=== RECORDS SUPPLIED ===
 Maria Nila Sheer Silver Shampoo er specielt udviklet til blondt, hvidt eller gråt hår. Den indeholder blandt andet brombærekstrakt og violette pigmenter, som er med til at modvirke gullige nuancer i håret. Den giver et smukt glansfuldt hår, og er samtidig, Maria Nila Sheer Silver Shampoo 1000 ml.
* * *
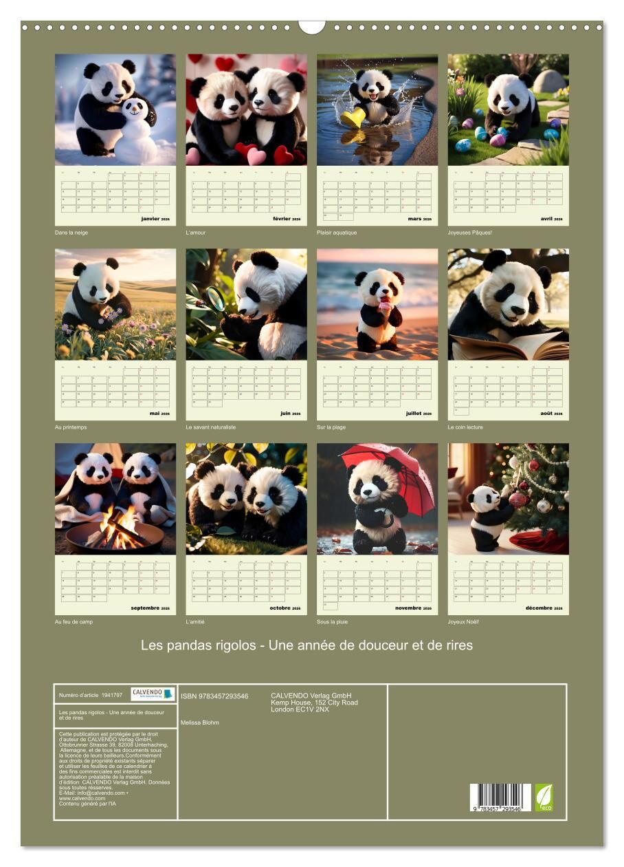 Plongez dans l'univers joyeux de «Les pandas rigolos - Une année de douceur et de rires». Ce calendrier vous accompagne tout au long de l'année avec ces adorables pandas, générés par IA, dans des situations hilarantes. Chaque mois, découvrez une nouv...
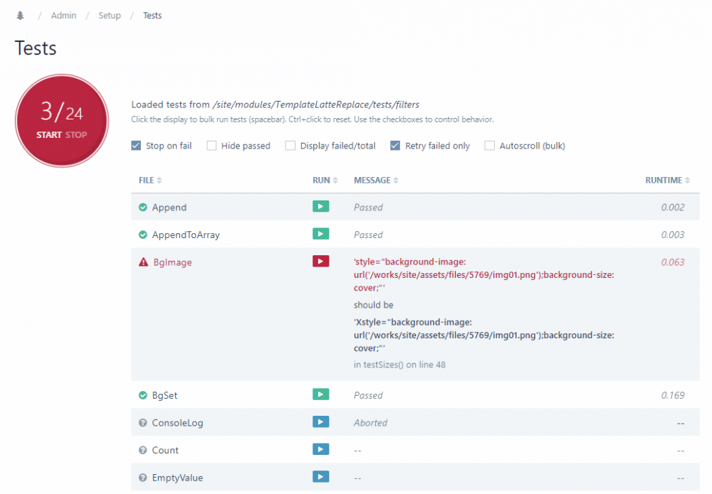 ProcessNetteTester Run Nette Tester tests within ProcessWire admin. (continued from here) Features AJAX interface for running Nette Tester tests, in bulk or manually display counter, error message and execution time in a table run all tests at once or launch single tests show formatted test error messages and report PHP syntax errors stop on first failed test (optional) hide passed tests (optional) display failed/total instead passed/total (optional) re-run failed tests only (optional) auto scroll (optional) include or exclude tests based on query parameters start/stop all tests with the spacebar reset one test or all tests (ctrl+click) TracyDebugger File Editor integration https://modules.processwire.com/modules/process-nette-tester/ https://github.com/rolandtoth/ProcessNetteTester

=== PROBLEM DETAILS ===
From the listing above, restate verbatim the lines running from the one with "Plongez dans l'univers" through the one with "ProcessNetteTester Run Nette", inclusive, but not the pictures.

=== SOLUTION ===
 Plongez dans l'univers joyeux de «Les pandas rigolos - Une année de douceur et de rires». Ce calendrier vous accompagne tout au long de l'année avec ces adorables pandas, générés par IA, dans des situations hilarantes. Chaque mois, découvrez une nouv...
 ProcessNetteTester Run Nette Tester tests within ProcessWire admin. (continued from here) Features AJAX interface for running Nette Tester tests, in bulk or manually display counter, error message and execution time in a table run all tests at once or launch single tests show formatted test error messages and report PHP syntax errors stop on first failed test (optional) hide passed tests (optional) display failed/total instead passed/total (optional) re-run failed tests only (optional) auto scroll (optional) include or exclude tests based on query parameters start/stop all tests with the spacebar reset one test or all tests (ctrl+click) TracyDebugger File Editor integration https://modules.processwire.com/modules/process-nette-tester/ https://github.com/rolandtoth/ProcessNetteTester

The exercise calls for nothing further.